00:14:59.351 --> 00:15:08.553
What Buxton realized is what if you could turn all of this, through a gestural interface, into one command?
00:15:08.553 --> 00:15:16.572
So, maybe I could grab a text that I want, draw a new location and drop it right there.
00:15:16.572 --> 00:15:22.652
That’d be much better: There’s never a time where I could be interrupted and lose state
00:15:22.652 --> 00:15:28.092
because all of the state is maintained in this continuous gesture.
00:15:28.092 --> 00:15:31.709
We’ve all heard the saying that a picture is worth ten thousand words.
00:15:31.709 --> 00:15:39.801
As interface designers, we’re tasked with the project of representing the information to the user
00:15:39.801 --> 00:15:44.831
and one task that we commonly have to deal with is:
00:15:44.831 --> 00:15:50.518
Should we represent information visually, or should we represent information textually?
00:15:50.518 --> 00:15:54.025
The answer of course is it depends.
00:15:54.025 --> 00:15:59.909
But one time when representing information visually can be much more effective
00:15:59.909 --> 00:16:06.026
is when you can convert slow reasoning tasks into fast perception tasks
00:16:06.026 --> 00:16:09.950
by virtue of making them visually salient.
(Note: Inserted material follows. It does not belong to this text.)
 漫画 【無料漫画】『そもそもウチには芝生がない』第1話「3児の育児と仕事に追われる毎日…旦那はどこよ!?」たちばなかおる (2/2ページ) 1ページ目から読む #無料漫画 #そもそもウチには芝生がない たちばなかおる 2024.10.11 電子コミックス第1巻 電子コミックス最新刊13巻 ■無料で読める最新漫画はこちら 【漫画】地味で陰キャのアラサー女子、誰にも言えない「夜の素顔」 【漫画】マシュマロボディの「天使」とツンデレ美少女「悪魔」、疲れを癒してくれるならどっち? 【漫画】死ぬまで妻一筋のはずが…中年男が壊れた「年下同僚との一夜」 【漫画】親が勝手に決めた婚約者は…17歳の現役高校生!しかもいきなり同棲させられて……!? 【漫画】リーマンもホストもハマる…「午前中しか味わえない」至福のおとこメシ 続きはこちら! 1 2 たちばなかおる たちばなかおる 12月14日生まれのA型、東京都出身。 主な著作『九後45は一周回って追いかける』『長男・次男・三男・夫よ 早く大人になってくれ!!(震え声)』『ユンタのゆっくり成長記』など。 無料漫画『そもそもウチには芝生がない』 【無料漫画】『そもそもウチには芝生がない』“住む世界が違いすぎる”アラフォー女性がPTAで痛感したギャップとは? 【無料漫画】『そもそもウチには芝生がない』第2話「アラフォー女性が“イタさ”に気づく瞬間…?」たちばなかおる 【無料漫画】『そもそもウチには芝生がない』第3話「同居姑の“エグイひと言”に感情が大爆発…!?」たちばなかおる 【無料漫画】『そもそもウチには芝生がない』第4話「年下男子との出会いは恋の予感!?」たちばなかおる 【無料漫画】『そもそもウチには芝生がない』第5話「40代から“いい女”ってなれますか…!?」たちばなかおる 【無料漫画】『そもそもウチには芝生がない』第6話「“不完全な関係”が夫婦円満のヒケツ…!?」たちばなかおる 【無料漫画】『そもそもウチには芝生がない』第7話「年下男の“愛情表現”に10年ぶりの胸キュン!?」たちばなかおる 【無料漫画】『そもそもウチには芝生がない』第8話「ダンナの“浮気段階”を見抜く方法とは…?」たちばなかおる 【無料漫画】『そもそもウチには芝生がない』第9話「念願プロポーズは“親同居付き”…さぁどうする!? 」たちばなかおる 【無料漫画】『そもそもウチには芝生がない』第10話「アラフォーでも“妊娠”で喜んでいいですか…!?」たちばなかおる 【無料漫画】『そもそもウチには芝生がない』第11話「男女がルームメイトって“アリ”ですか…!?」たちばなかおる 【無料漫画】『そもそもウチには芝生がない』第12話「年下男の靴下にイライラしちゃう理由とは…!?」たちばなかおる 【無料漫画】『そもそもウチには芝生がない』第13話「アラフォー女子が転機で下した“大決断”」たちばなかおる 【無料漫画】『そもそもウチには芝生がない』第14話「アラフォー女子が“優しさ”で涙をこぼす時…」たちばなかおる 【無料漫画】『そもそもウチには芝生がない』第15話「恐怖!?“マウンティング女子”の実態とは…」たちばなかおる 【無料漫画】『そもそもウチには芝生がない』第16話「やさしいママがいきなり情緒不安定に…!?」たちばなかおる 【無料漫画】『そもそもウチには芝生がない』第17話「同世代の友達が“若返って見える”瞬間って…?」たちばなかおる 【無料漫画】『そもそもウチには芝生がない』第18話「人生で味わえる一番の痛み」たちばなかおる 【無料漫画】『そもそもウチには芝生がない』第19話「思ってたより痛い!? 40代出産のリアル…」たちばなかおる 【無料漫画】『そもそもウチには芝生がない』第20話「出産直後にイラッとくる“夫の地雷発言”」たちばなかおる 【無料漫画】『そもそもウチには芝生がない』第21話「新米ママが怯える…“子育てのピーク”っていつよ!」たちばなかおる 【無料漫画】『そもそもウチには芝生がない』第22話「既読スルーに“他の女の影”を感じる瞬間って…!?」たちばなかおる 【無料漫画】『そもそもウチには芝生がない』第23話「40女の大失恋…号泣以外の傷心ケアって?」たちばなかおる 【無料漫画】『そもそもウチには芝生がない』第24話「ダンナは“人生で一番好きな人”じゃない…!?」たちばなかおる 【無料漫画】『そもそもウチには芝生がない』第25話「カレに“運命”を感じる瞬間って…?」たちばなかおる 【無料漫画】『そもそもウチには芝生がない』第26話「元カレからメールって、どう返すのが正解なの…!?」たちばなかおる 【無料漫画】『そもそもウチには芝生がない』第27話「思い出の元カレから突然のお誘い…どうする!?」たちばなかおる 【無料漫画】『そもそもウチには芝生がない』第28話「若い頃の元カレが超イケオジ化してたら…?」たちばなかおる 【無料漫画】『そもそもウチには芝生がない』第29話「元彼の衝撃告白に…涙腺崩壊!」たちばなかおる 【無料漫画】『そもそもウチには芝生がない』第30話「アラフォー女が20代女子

00:16:09.950 --> 00:16:15.396
We saw that with the map example: In that case, both the colorings of the map were visual,
00:16:15.396 --> 00:16:21.482
but [in] one, it was much easier to just add a glance to understand what’s going on in good coloring.
00:16:21.482 --> 00:16:27.095
And the poor coloring, you have to reason about it much more slowly and the wrong things kept popping out.
00:16:27.095 --> 00:16:31.365
If you think about a table of numbers, it can often be difficult to see trends,
00:16:31.365 --> 00:16:34.936
whereas if you represent that same information visually,
00:16:34.936 --> 00:16:40.482
it can often pop out what the high points, the low points, trends, outliers —
00:16:40.482 --> 99:59:59.999
all of that becomes salient and automatically visible to you.